PharmaNet was first introduced in the mid-1990s to help MSP with billing but before long it was also being used to keep track of dangerous drug interactions for patients with prescriptions from multiple doctors.
Helen Jennens says if the doctors who prescribed narcotics to her sons had looked at their history on PharmaNet, they would have seen a problem.
“He was doctor shopping and getting prescriptions... from several of them before he died,” she says. “If PharmaNet records had been accessed by those walk-in doctors, they would have recognized how deep in addiction he was. He was in trouble. It contributed to his illness.”

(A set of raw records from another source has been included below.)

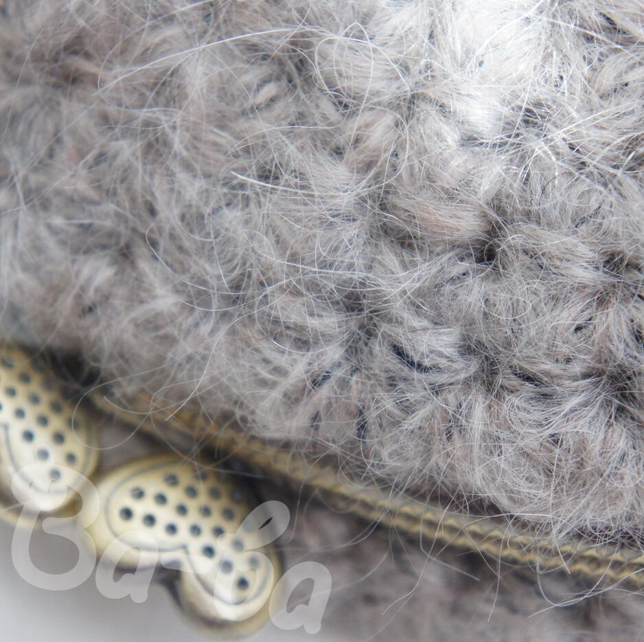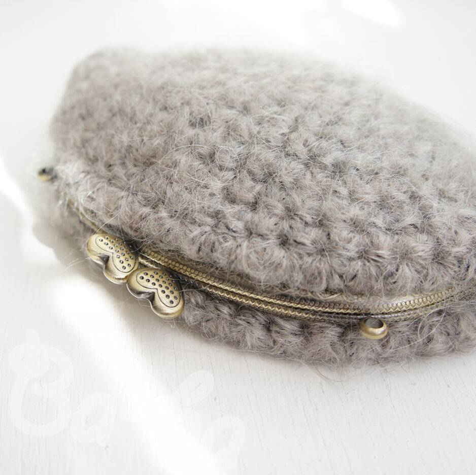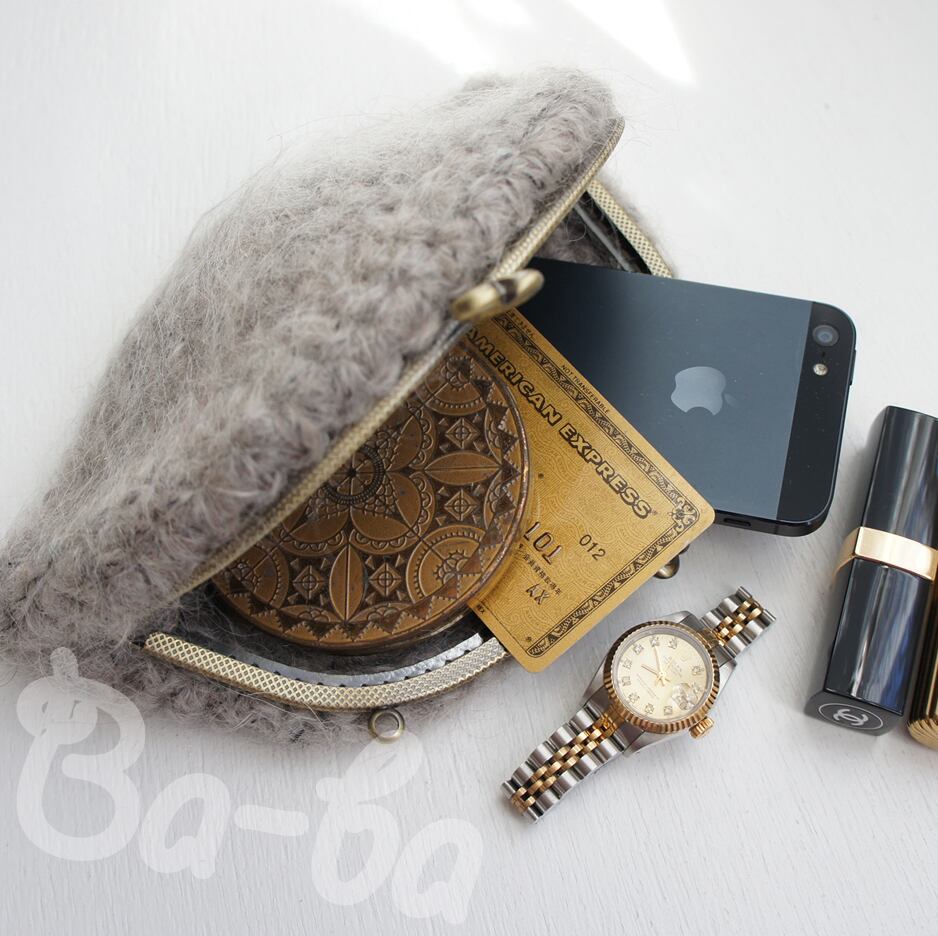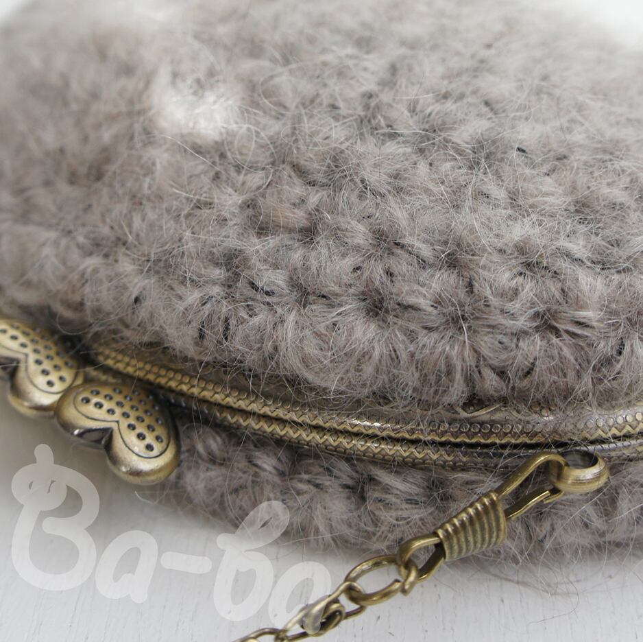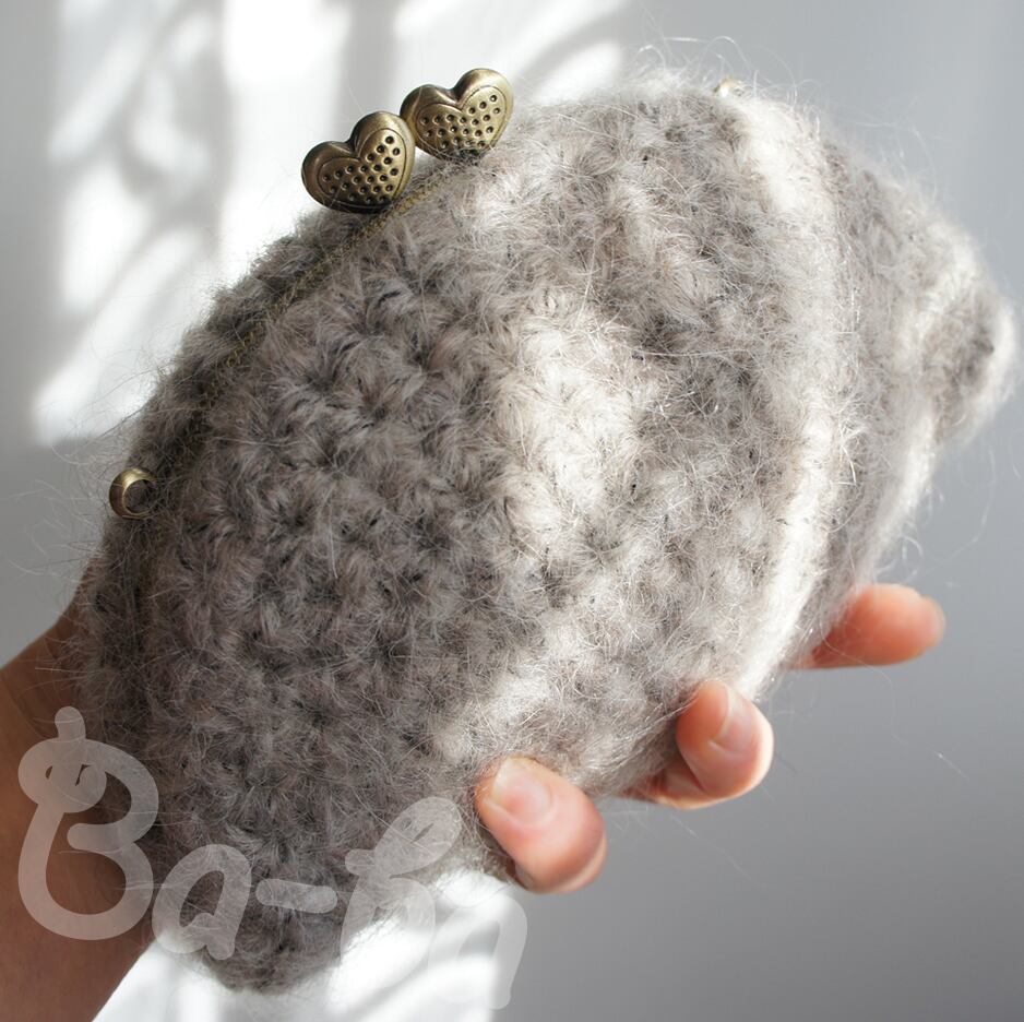 毛足の長いふわっふわモヘヤの編み地に、ハートの口金をつけてみました。
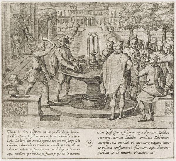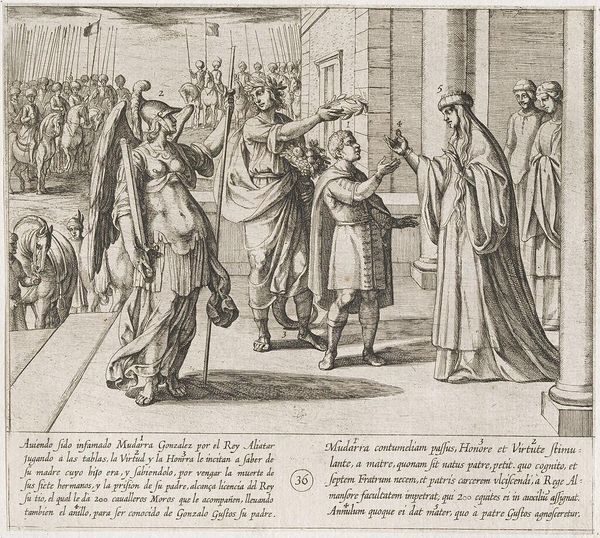Curator: This engraving, by Antonio Tempesta, an Italian artist active in the late 16th and early 17th centuries, depicts "The Letter Orders the Murder of Gonzalo Gustos and the Capture of the Infantes." It's currently held in the Harvard Art Museums collection. Editor: Wow, it's like a stage play frozen in time. All these characters dramatically reacting. There's such tension, you can almost hear the whispers and the clank of those shackles. Curator: Tempesta was known for his detailed and dramatic battle scenes, and here, he employs a similar intensity to depict a scene of political intrigue and betrayal. Editor: I'm drawn to the central figures – the king, so composed, and the figures being taken away. The composition really guides your eye through the story. Curator: Absolutely. The careful use of line and shadow creates a real sense of depth and emphasizes the emotional weight of the scene within its historical context. Editor: Makes you think about how these power plays always end up costing someone everything. Tragic, really.
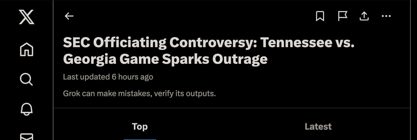 The section was titled, “SEC Officiating Controversy: Tennessee vs. Georgia Game Sparks Outrage.”
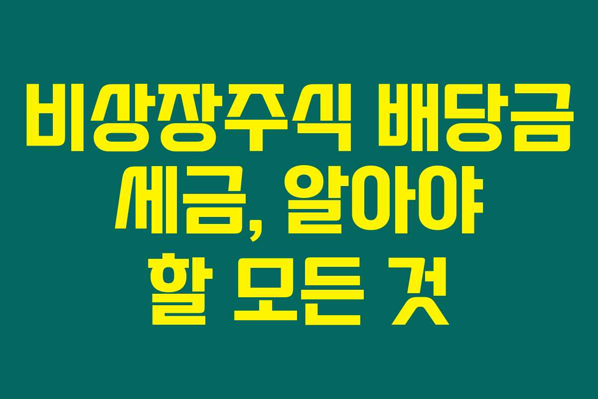 비상장주식 배당금 세금, 알아야 할 모든 것
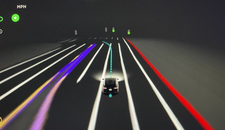 另一方面,特斯拉的「Mind of Car」驾驶可视化视图也有了较大的提升,不仅可以显示清晰的车道线,周遭的物体检测看起来也十分准确。
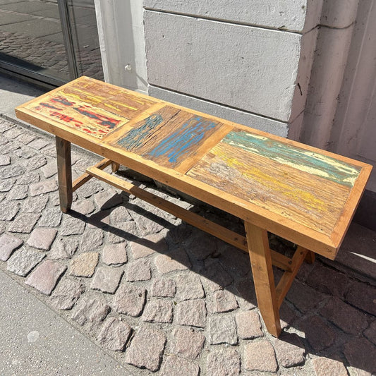 Ønsker du en bæredygtig løsning, tilbyder vi bænke i genbrugstræ fra gamle skibe, hvor hver model har sin egen unikke karakter. Disse bænke passer perfekt til dig, der ønsker et mere rustikt udtryk i din boligindretning.
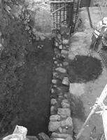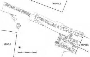 In the outdoor space between buildings C-B and D, a Late Roman wall was discovered, along with domestic remains of post-Byzantine periods. A vaulted cistern was also found, and three pithoi, also post-Byzantine in date.
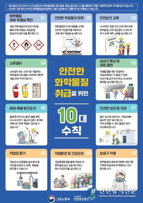 또한, ‘안전한 화학물질 취급을 위한 10대 안전수칙’을 배포하고, 한국배터리산업협회 등 관련 협·단체와 협업하여, 현장에서 10대 안전수칙이 철저히 이행될 수 있도록 안내·촉구할 예정이다.
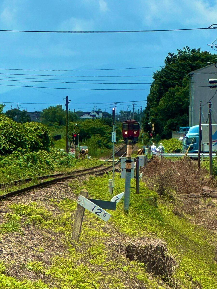 【現場の状況】『踏切手前で列車止まってる』#久大本線 田主丸駅〜筑後吉井駅 #特急ゆふ など遅延7月19日 #福岡 #JR九州
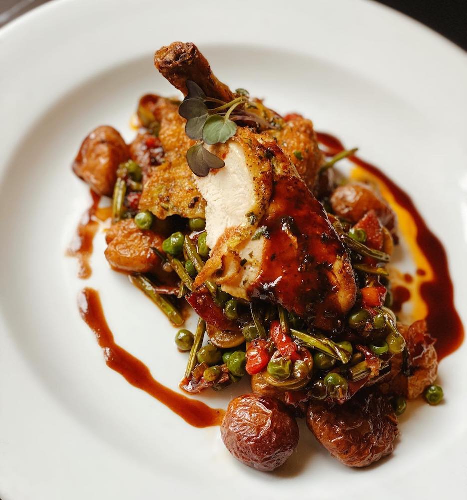 For example, Fried Quail + Buttermilk Thyme Waffles with rye whiskey molasses and pickled corn relish. However, they’ve also done classic Organic Free Range Buttermilk Fried Chicken, served with hubbard squash waffles, pralined bacon, and bourbon maple syrup. Either way, this dish is always an adventure. So good!

Jennens first son Rian died from an accidental overdose in 2011. Her only other son, Tyler, thought he was doing heroin when he was killed by a lethal dose of fentanyl in January 2016.
“Three days before Tyler died he went into a walk-in clinic and saw a doctor he’d never seen before. The doctor gave him a prescription for 180 Xanax,” she says. “I could see giving maybe a dozen, but not 180. That is excessive.”
A toxicology report showed no Xanax in Tyler’s system when he died, but Jennens says 100 of the 180 pills he was given were missing from the bottle.
“I think he traded them, maybe even for the fentanyl that killed him.”
PharmaNet is run by the B.C. Ministry of Health, and currently links all B.C. pharmacies to a central data system. The PharmaNet website says every prescription dispensed in community pharmacies in B.C. is entered into the database.”
Jennens and a group called Mom's Stop the Harm want to make it mandatory that all doctors look at a patient’s prescription history before adding to it.
“I’m not on a witch hunt for doctors,” Jennens says. “I just want them to take a system they already have, improve it and use it. It’s a great tool for monitoring this. It keeps doctors safe and keeps patients safe. It doesn’t make sense that we don’t use it, it should be Canada-wide
She says the only opposition she’s gotten to the idea is from addicts themselves who keep their addictions alive by gaming the system, and doctors who have yet to step into the digital age.
“People in Tyler’s circumstances don’t want it because they are drug seeking. They don’t want the physician to pull up PharmaNet records," she says. “And not everybody is on electronic medical records. Some doctors are still using paper and pen.”
According to new numbers released by the B.C. Coroners Service, more than 1,400 British Columbians died of suspected overdoses in 2017.
It represents a 43 per cent increase from 2016 numbers, when there were 993 overdose deaths. The B.C. Coroners Service says in a news release there were significantly fewer deaths in the last four months of 2017, with an average of less than 100 deaths per month from September to December.
In the first eight months of the year, there were an average of nearly 130 deaths per month.
The Coroners Service says that in most cases, fentanyl was combined with other drugs, most often cocaine, heroin or methamphetamine.